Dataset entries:

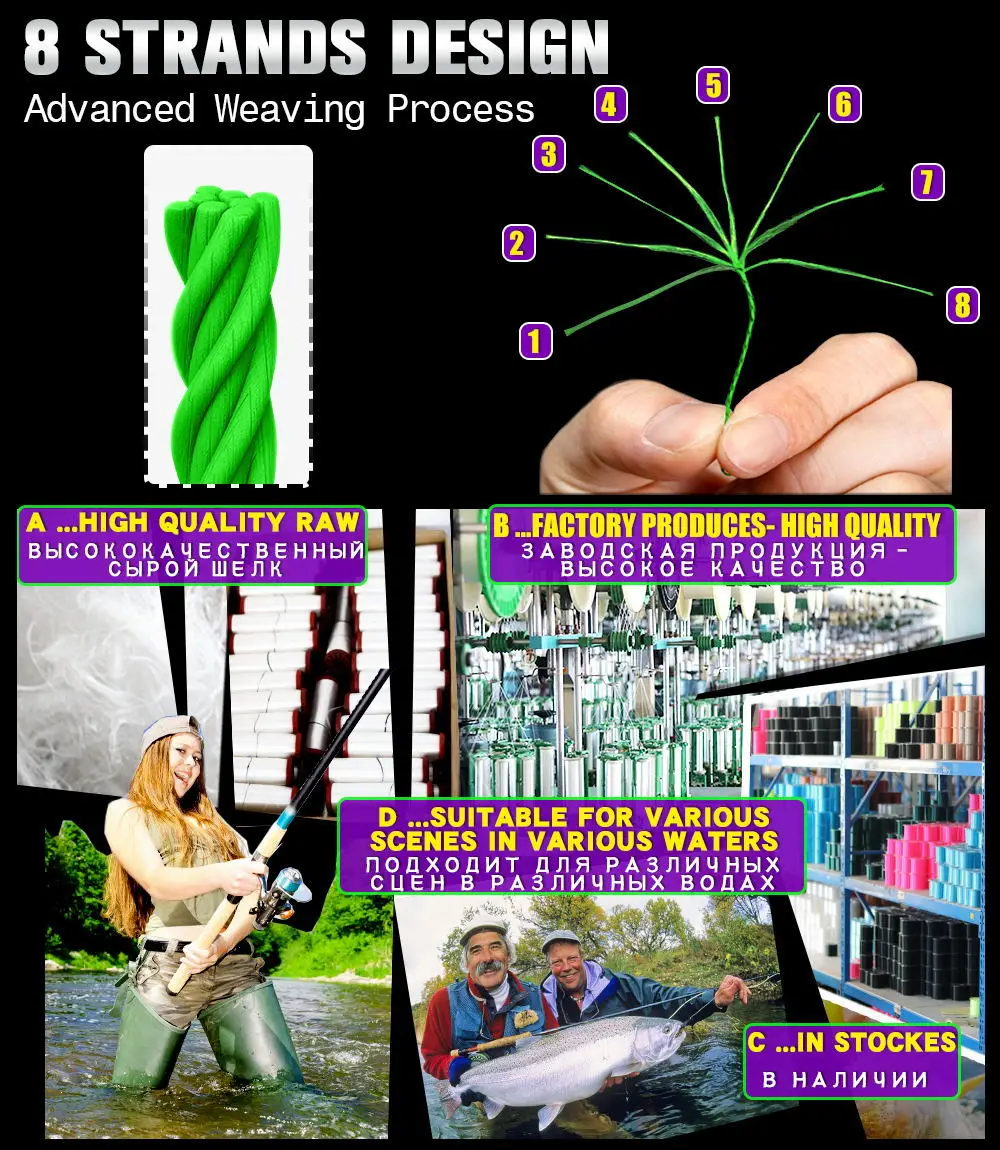BAKAWA 8 Strands 1000M 500M 300M Braided Fishing Line Multifilament Pesca Carp Super Strong Weave Sea Saltwater Extreme 100% PE
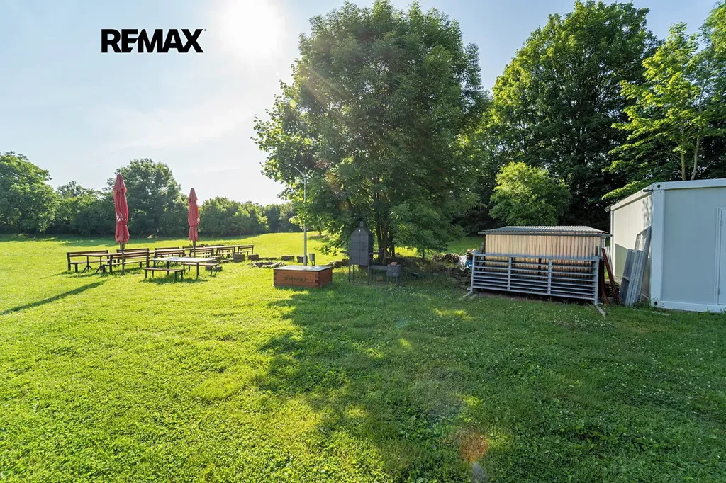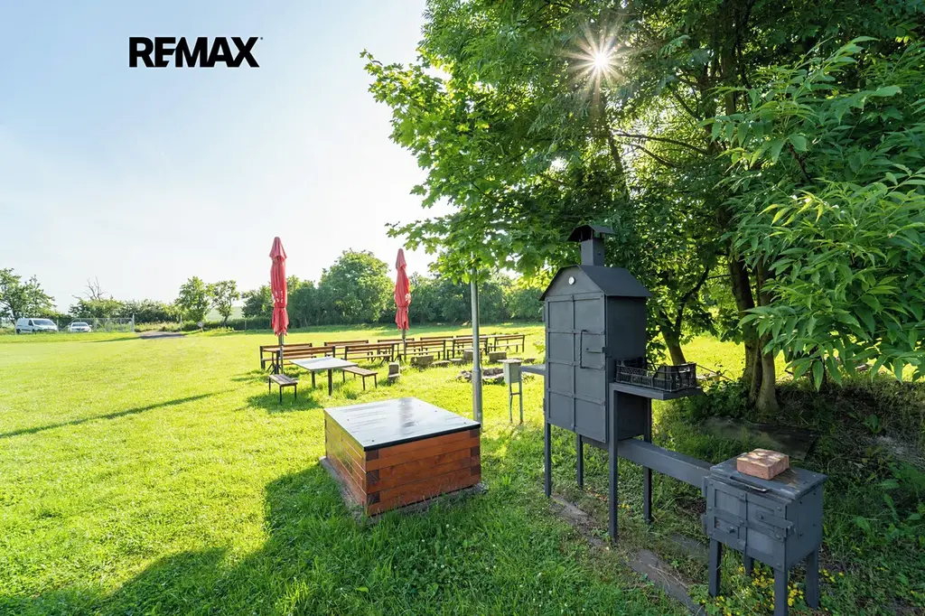 Pozemek o velikosti 10 584 m2 poskytuje novému vlastníkovy další a další využití, jelikož je zde dostatek místa pro vlastní realizaci a možností a různých akcí.
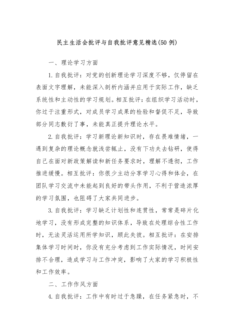 (50例)民主生活会批评与自我批评意见精选
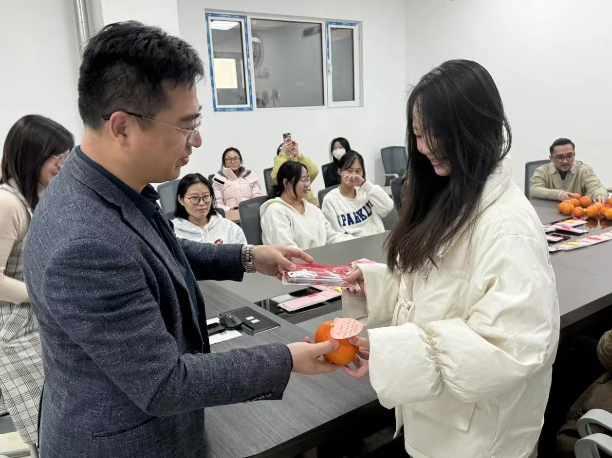 随后,刘凤利代表公司党委,为考研员工代表送上橙子和文具袋,寓意“橙”心逐梦、笔耕研“录”。希望同学们在品尝橙子甘甜的同时,能坚定心中的信念,在考场上执笔乘风,收获成功的果实。
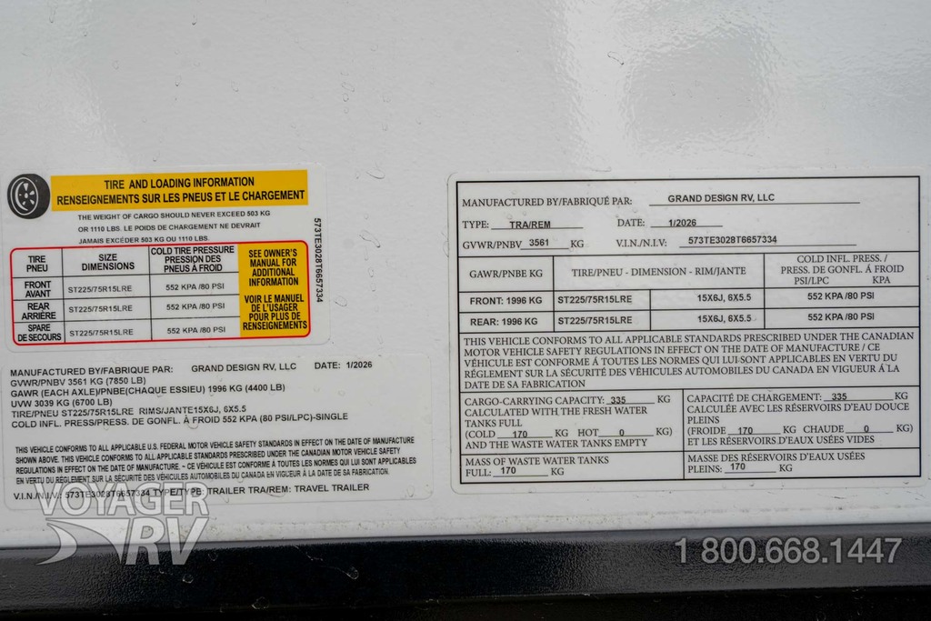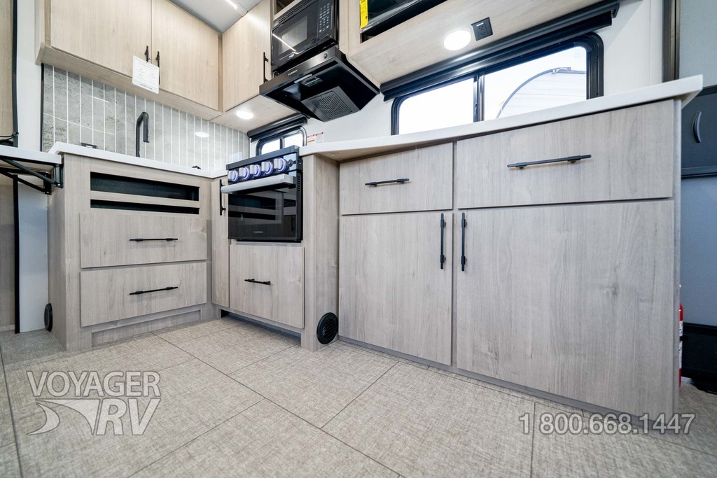 - Peace of Mind Package: Drop Frame Front Pass Thru Storage, Solid-Step Entry Step, Walk on Roof, Universal Docking Station, On-Demand Tankless Water Heater, Black Tank Flush, Aluminum Rims, Spare Tire & Carrier, Front Rock Guard, Fiberglass Front Cap, Metal Slam Latch Cargo Doors, 6’ Coiled Break Away Cable, Accessory Hitch, Sewer Hose Carrier, Tuff-Ply Pass Thru Flooring, Dual LP Tank Monitors, CRE-3000 Suspension System Paired w/Wet Bolts and Bronze Bushings, Hot/Cold Exterior Spray Port, Oversized Holding Tanks, Rear Ladder, LP Quick Connect, Key-a-Like Baggage and Entry Doors, Entry Door Privacy Shade, 7-Way Plug Chassis Bracket, Master Bed Reading Lights, Strutted Bed Base, Sliding Laundry Tray, Retractable Shower Door, Soft Close Toilet Lids, Undermounted Kitchen and Lav Sinks, Residential Pulldown Spray Faucet, Residential Cabinetry and Hardware, Soft Close Hidden Hinges, Magnetic Cabinet Door & Drawer Latches, Radius Interior Ceiling, Premium Window Treatments, Solid Surface Counter Tops, Intergraded Soap Dispenser, Rollup Kitchen Sink Cover, 3-Burner Range w/Low Profile Power Vent, Pots/Pans Drawer w/Intergraded Peg Organizers, Carpetless Floors, Paper Towel Holder, Dedicated Trash Compartment, Enhance Plumbing System.

▶ **EXERCISE DIRECTIONS**:
Reproduce the whole of the data, word for word, and omit its pictures.

▶ **ANSWER SPACE**:
BAKAWA 8 Strands 1000M 500M 300M Braided Fishing Line Multifilament Pesca Carp Super Strong Weave Sea Saltwater Extreme 100% PE
 Pozemek o velikosti 10 584 m2 poskytuje novému vlastníkovy další a další využití, jelikož je zde dostatek místa pro vlastní realizaci a možností a různých akcí.
 (50例)民主生活会批评与自我批评意见精选
 随后,刘凤利代表公司党委,为考研员工代表送上橙子和文具袋,寓意“橙”心逐梦、笔耕研“录”。希望同学们在品尝橙子甘甜的同时,能坚定心中的信念,在考场上执笔乘风,收获成功的果实。
 - Peace of Mind Package: Drop Frame Front Pass Thru Storage, Solid-Step Entry Step, Walk on Roof, Universal Docking Station, On-Demand Tankless Water Heater, Black Tank Flush, Aluminum Rims, Spare Tire & Carrier, Front Rock Guard, Fiberglass Front Cap, Metal Slam Latch Cargo Doors, 6’ Coiled Break Away Cable, Accessory Hitch, Sewer Hose Carrier, Tuff-Ply Pass Thru Flooring, Dual LP Tank Monitors, CRE-3000 Suspension System Paired w/Wet Bolts and Bronze Bushings, Hot/Cold Exterior Spray Port, Oversized Holding Tanks, Rear Ladder, LP Quick Connect, Key-a-Like Baggage and Entry Doors, Entry Door Privacy Shade, 7-Way Plug Chassis Bracket, Master Bed Reading Lights, Strutted Bed Base, Sliding Laundry Tray, Retractable Shower Door, Soft Close Toilet Lids, Undermounted Kitchen and Lav Sinks, Residential Pulldown Spray Faucet, Residential Cabinetry and Hardware, Soft Close Hidden Hinges, Magnetic Cabinet Door & Drawer Latches, Radius Interior Ceiling, Premium Window Treatments, Solid Surface Counter Tops, Intergraded Soap Dispenser, Rollup Kitchen Sink Cover, 3-Burner Range w/Low Profile Power Vent, Pots/Pans Drawer w/Intergraded Peg Organizers, Carpetless Floors, Paper Towel Holder, Dedicated Trash Compartment, Enhance Plumbing System.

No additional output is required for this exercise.